### Work task
When you transcribe the entries below, begin at their first line and stop after the line containing "14K ROSE GOLD"; pictures stay out.

(Input records)

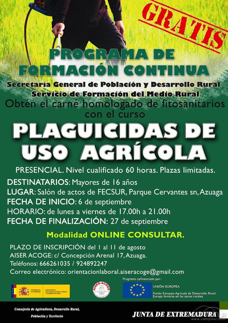 El próximo día 6 de septiembre la asociación AISER-ACOGE organiza de forma presencial y gratuita el curso de Plaguicidas de Uso Agrícola de nivel Cualificado de 60 horas en Azuaga. A través del curso se obtendrá el carnet de fitosanitarios de nivel cualificado, homologado por la Junta de Extremadura.
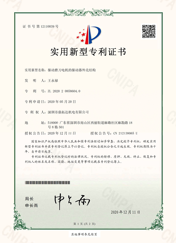 首页->产品认证->驱动磨刀电机的驱动器外壳结构
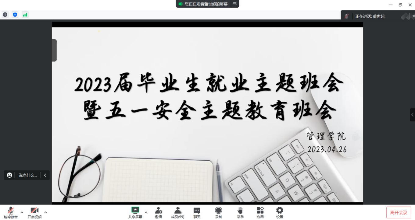4月26日,风车动漫 顺利举行2023届本科毕业生就业暨五一安全教育主题班会,会议由2019级辅导员董世超主持,2019级全体同学参与此次会议。
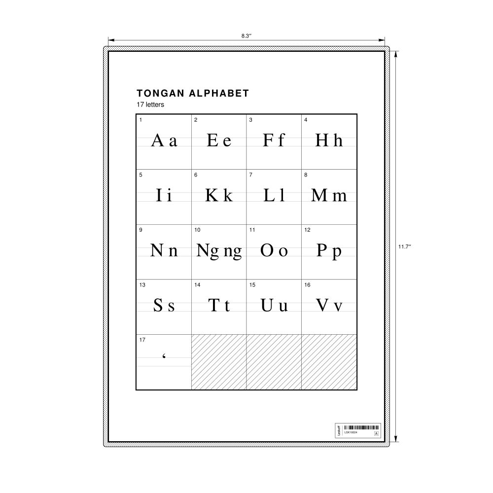 The Tongan alphabet chart (the full set of letters) in the 8.3 x 11.7 in (21.0 x 29.7 cm, desk chart, laminated) format.
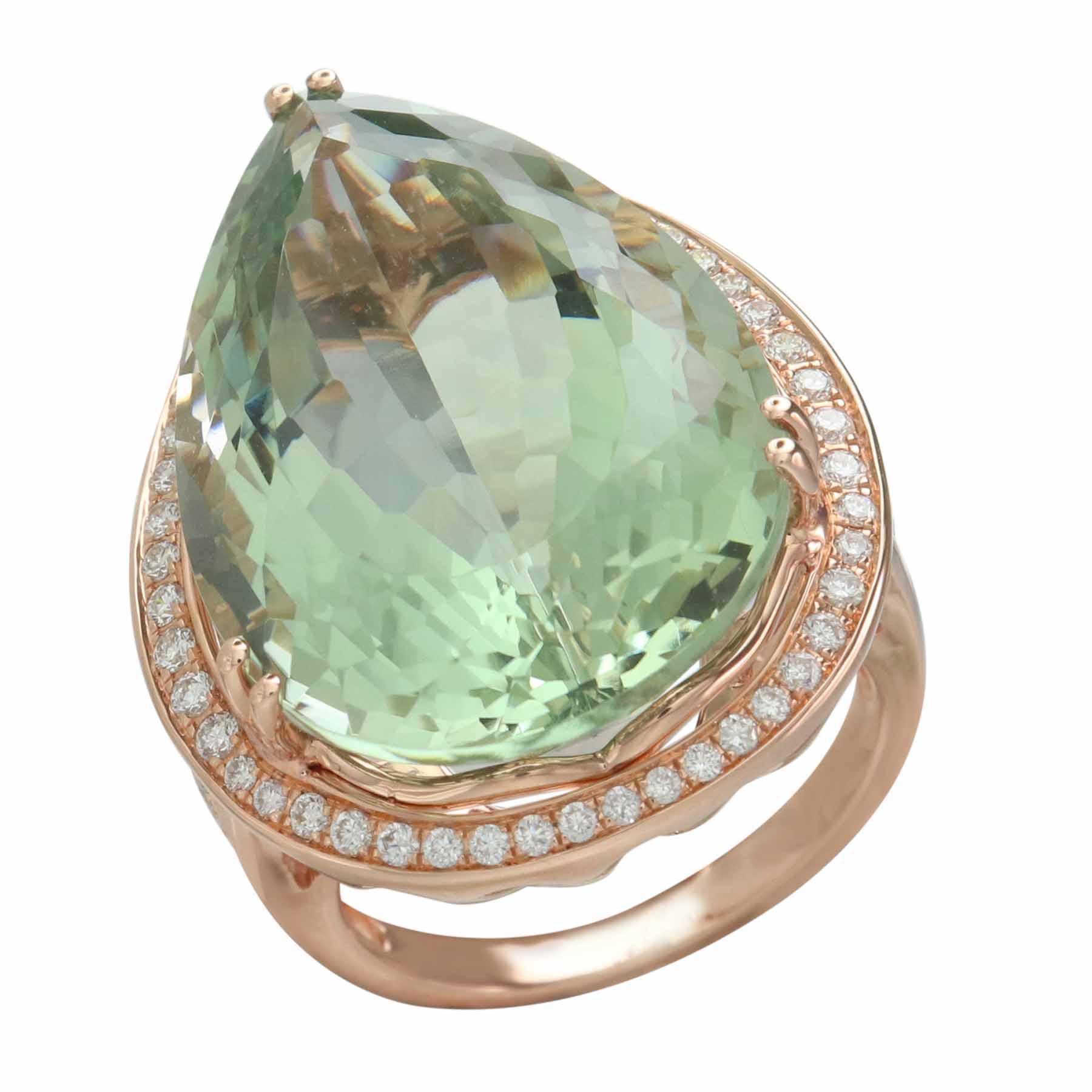 14K ROSE GOLD DIAMOND AND GREEN AMETHYST RING
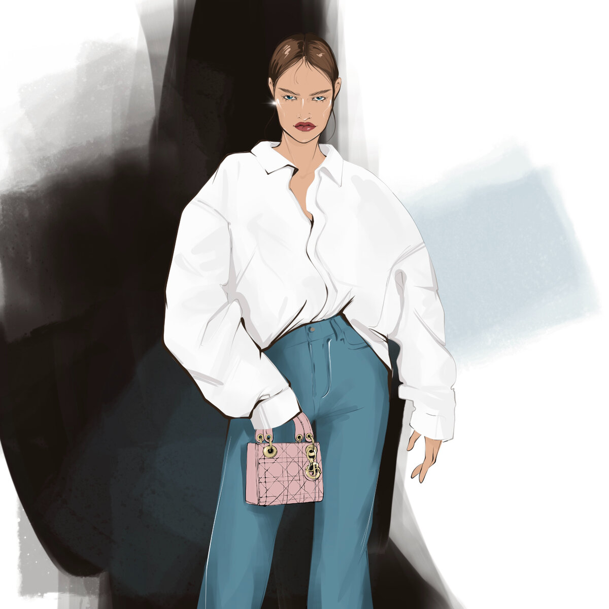 Чтобы всегда выглядеть стильно и модно, достаточно одного элемента — белой рубашки. Она, как белый холст для художника, на котором можно каждый раз создавать множество эффектных и запоминающихся образов: от классических до ультрамодных. Делимся, как найти идеальную рубашку и с чем ее носить. Самое главное — выбрать правильную модель, которая станет универсальной базой вашей всесезонной капсулы. Откажитесь от устаревшей приталенной блузы и навязчивого декора в пользу прямого и свободного кроя в мужском стиле. Лучшее сочетание с рубашкой для повседневного аутфита — хорошо сидящие на вас джинсы, будь то актуальный клёш с боковыми разрезами или подходящий всем «mom fit» с завышенной талией. Если деним приелся, то присмотритесь к прямым брюкам насыщенного цвета или широким палаццо. Очертите линию талию, заправив рубашку только спереди. Носите такие комплекты со светлыми кедами или яркими босоножками на каблуках, чтобы сделать акцент. Пара рубашка + юбка давно вышла за пределы офисного дре
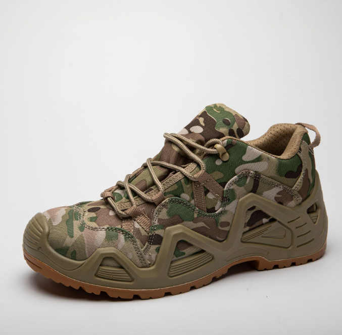 DFA0115 FG CP Camo Bottes de chasse et chaussures de randonnée personnalisées, camouflage vert Ruines CP, vert, kaki, noir, coupe basse
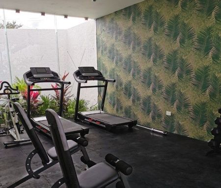 - Gym con caminadoras, mancuerdas y bicicletas.

(End Input records)

### Worked solution
 El próximo día 6 de septiembre la asociación AISER-ACOGE organiza de forma presencial y gratuita el curso de Plaguicidas de Uso Agrícola de nivel Cualificado de 60 horas en Azuaga. A través del curso se obtendrá el carnet de fitosanitarios de nivel cualificado, homologado por la Junta de Extremadura.
 首页->产品认证->驱动磨刀电机的驱动器外壳结构
4月26日,风车动漫 顺利举行2023届本科毕业生就业暨五一安全教育主题班会,会议由2019级辅导员董世超主持,2019级全体同学参与此次会议。
 The Tongan alphabet chart (the full set of letters) in the 8.3 x 11.7 in (21.0 x 29.7 cm, desk chart, laminated) format.
 14K ROSE GOLD DIAMOND AND GREEN AMETHYST RING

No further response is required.